4 ways to make the most of AOA membership

4 ways to make the most of AOA membership

Excerpted from page 16 of the June 2015 edition of AOA Focus

Your AOA membership can help you grow in your career, network with other professionals and keep you informed about important advocacy and practice management developments. There are plenty of resources available at your fingertips. In an excerpt from an interview with AOA Focus, three AOA members offer ways to explore and take advantage of this valuable membership.

  1. Utilize members-only resources.
    "Valuable information is readily accessible to members in a variety of sources, including at aoa.org, in AOA Focus and First Look emails," says Curtis Ono, O.D., who chairs the AOA's Affiliate Partner Membership Committee and Affiliate Relations and Membership Executive Committee. Keeping up with AOA communications is one of the best ways to make the most of AOA membership, agrees Glenda Brown, O.D., a member of the Affiliate Partner Membership Committee. "In these communications, we can learn about ICD-10 implementation, AOA's advocacy efforts, new technology, best practices, clinical content, or even read bios on other practitioners," Dr. Brown says.
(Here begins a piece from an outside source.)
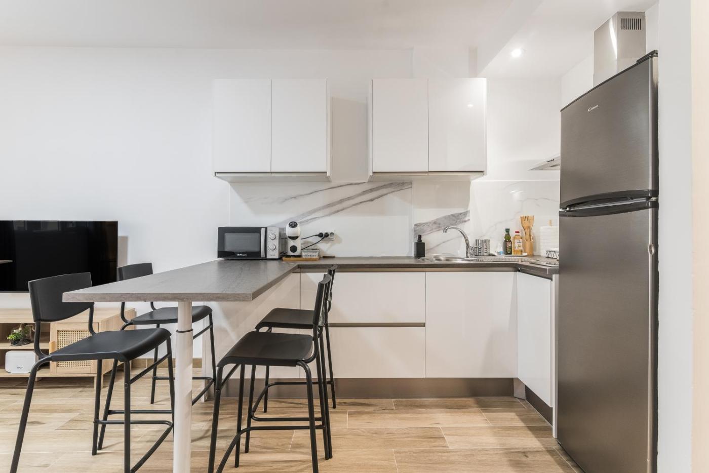 One-Bedroom Apartment. This apartment consists of 1 living room, 1 separate bedroom and 1 bathroom with a shower and a hairdryer. Guests can make meals in the kitchen that is equipped with a stovetop, a refrigerator, kitchenware and a microwave. The apartment provides a washing machine, a coffee machine, a seating area, a wardrobe, as well as a flat-screen TV. The unit offers 1 bed.

  2. Connect with your fellow AOA members.
    Make an effort to connect with colleagues through AOA's Facebook and Twitter sites, at Optometry's Meeting®, the Congressional Advocacy Conference, and by joining the Contact Lens & Cornea, Sports Vision, and Vision Rehabilitation specialty sections, Dr. Ono says. "You will not only share information, but also make lifelong friends from around the country."

  3. Take advantage of optometry's community.
    Invest in AOA and affiliate meetings outside of your state as well as your state meeting, advises Jacquie Bowen, O.D., a member of the Affiliate Partner Membership Committee. "Sometimes you may need help from a colleague in another region, in a state where the laws are different, or from an optometrist who is not in competition with you. Our profession is very collegial compared with others, and you should reap the benefits of being in a larger community of people who have gone through what you are experiencing," Dr. Bowen says.
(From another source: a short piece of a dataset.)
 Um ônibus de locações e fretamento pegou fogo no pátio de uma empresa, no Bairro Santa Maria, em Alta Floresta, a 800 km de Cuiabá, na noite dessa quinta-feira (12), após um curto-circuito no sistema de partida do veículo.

  4. Volunteer, volunteer, volunteer.
    To make a difference in the profession and in your community, volunteer to be on committees at the local, regional and national levels, Dr. Ono says. You can also serve as a provider in AOA public health programs such as InfantSEE® and VISION USA. "Personally, I have greatly enjoyed giving back to our wonderful profession and being involved on a deeper level by serving on an AOA committee or task force, and getting involved with advocacy. Through these avenues I feel like I am making an impact on the future of optometry," Dr. Brown says.